▸ **Problem statement**: Please restate, exactly, only the lines from the beginning of the listing below through the line containing "The eastern facade", with the pictures left out.

▸ **Records provided**:
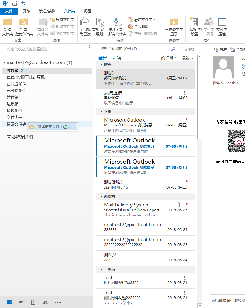 选择“新建文件夹”即可。如图,想在主目录创建一个与“收件夹”等平级的文件夹test,只需选择“新建文件夹”,并取名test即可。
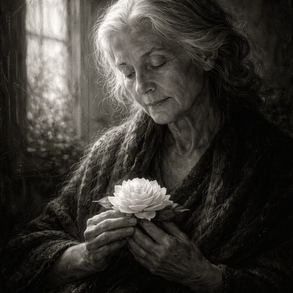 This evocative oil painting features an elderly woman in peaceful repose, cradling a glowing camellia. Rendered in a monochromatic palette with soft chiaroscuro lighting and thick impasto, it captures quiet resilience and profound emotional depth.
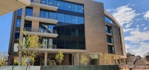 The eastern facade on Building 3 showing the curtain wall flush glazing.
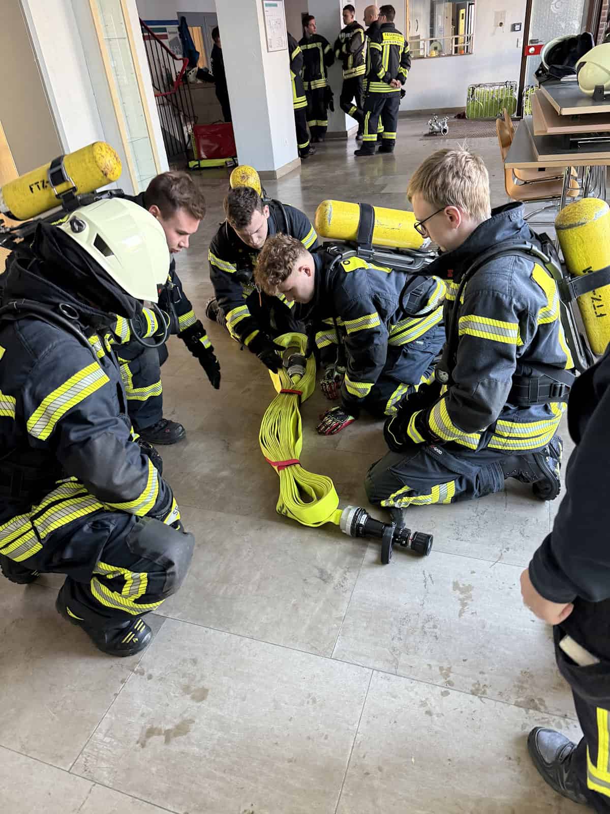 Am vergangenen Samstag übten trotz frostiger Temperaturen im Rahmen der jährlichen Fortbildung für Atemschutzgeräteträger insgesamt 15 Feuerwehrleute aus fast allen Ortsfeuerwehren gemeinsam Standardmaßnahmen und -situationen in Brandeinsätzen unter Atemschutz. Dazu gehörte unter anderem das sogenannte Schlauchmanagement, also das Verlegen von Schläuchen in das Gebäude durch Treppenhäuser, Flure und in unterschiedliche Räume, so dass nicht plötzlich der Schlauch zu kurz ist oder sich verklemmt. Passiert das, kann es zu unnötigen Verzögerungen bei der Brandbekämpfung kommen oder sogar gefährlichen Situationen. Eine andere Standardmaßnahme ist die Öffnung von Türen zu Räumen, in denen es brennt. Auch dabei kann es zu unangenehmen Situationen kommen, wenn das unbedacht oder ohne die nötige Vorbereitung passiert. Eine plötzliche Rauchgasdurchzündung oder -explosion ist möglich, mit entsprechenden Folgen und Gefahren. Vor dem praktischen Teil wurden in zwei kurzen theoretischen Impulsen die Funksystematik und die Atemschutzüberwachung sowie die nötige Einsatzstellenhygiene nach einem Einsatz besprochen, um gut vorbereitet in den praktischen Teil zu starten.
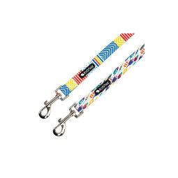 Correa de nylon ligero y muy cómodo para perros con estampado de formas geométricas azul, rojo y amarillo.
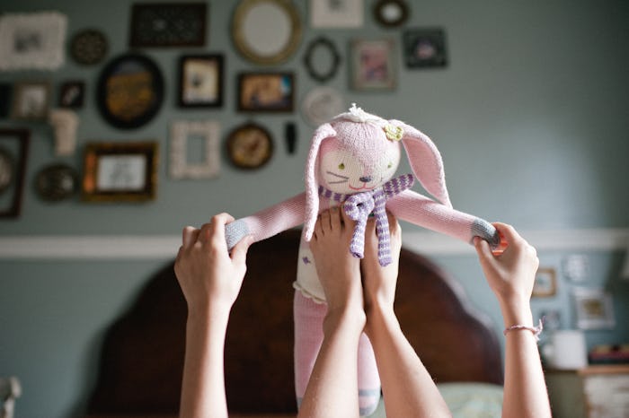 Psychotherapist and children’s book author Beth Tyson tells Romper that kids love stuffed animals so much because they offer a sense of safety, predictability, and comfort in an often uncertain and frightening world. “Take a trip to any toy store with a young child, and you will most likely see them go straight for the pile of stuffed animals. My daughter, who is 4, will typically grab one and tote it around the store while looking at other toys,” Tyson says. “Just like adults, babies and children experience anxiety, and when they do, they look for people or objects that will provide support. Holding on tight to a soft cuddly object can soothe a child’s fears, especially when separated from a parent or caregiver.”

▸ **Task output**:
 选择“新建文件夹”即可。如图,想在主目录创建一个与“收件夹”等平级的文件夹test,只需选择“新建文件夹”,并取名test即可。
 This evocative oil painting features an elderly woman in peaceful repose, cradling a glowing camellia. Rendered in a monochromatic palette with soft chiaroscuro lighting and thick impasto, it captures quiet resilience and profound emotional depth.
 The eastern facade on Building 3 showing the curtain wall flush glazing.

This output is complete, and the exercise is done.